[THE DATA Boundary: Start]
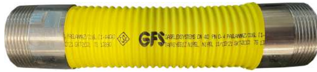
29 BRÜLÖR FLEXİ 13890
[THE DATA Boundary: End]
[THE DATA Boundary: Start]
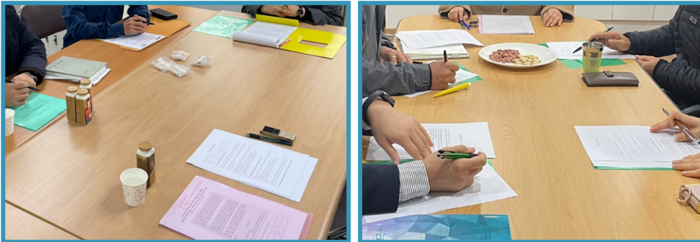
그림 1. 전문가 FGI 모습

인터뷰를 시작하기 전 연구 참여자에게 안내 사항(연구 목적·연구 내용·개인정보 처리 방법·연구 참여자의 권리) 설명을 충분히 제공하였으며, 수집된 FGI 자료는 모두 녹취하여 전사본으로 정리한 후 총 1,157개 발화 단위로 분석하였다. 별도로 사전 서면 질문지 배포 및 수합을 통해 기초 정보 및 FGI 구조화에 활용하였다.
[THE DATA Boundary: End]
* [WHAT THE TASK REQUIRES]: Your task is to transcribe, with no changes, only the lines of the listing above that lie between the line holding "그림 1. 전문가 FGI 모습" and the line holding "인터뷰를 시작하기 전", inclusive.

* [ANSWER TO THIS TASK]:
그림 1. 전문가 FGI 모습

인터뷰를 시작하기 전 연구 참여자에게 안내 사항(연구 목적·연구 내용·개인정보 처리 방법·연구 참여자의 권리) 설명을 충분히 제공하였으며, 수집된 FGI 자료는 모두 녹취하여 전사본으로 정리한 후 총 1,157개 발화 단위로 분석하였다. 별도로 사전 서면 질문지 배포 및 수합을 통해 기초 정보 및 FGI 구조화에 활용하였다.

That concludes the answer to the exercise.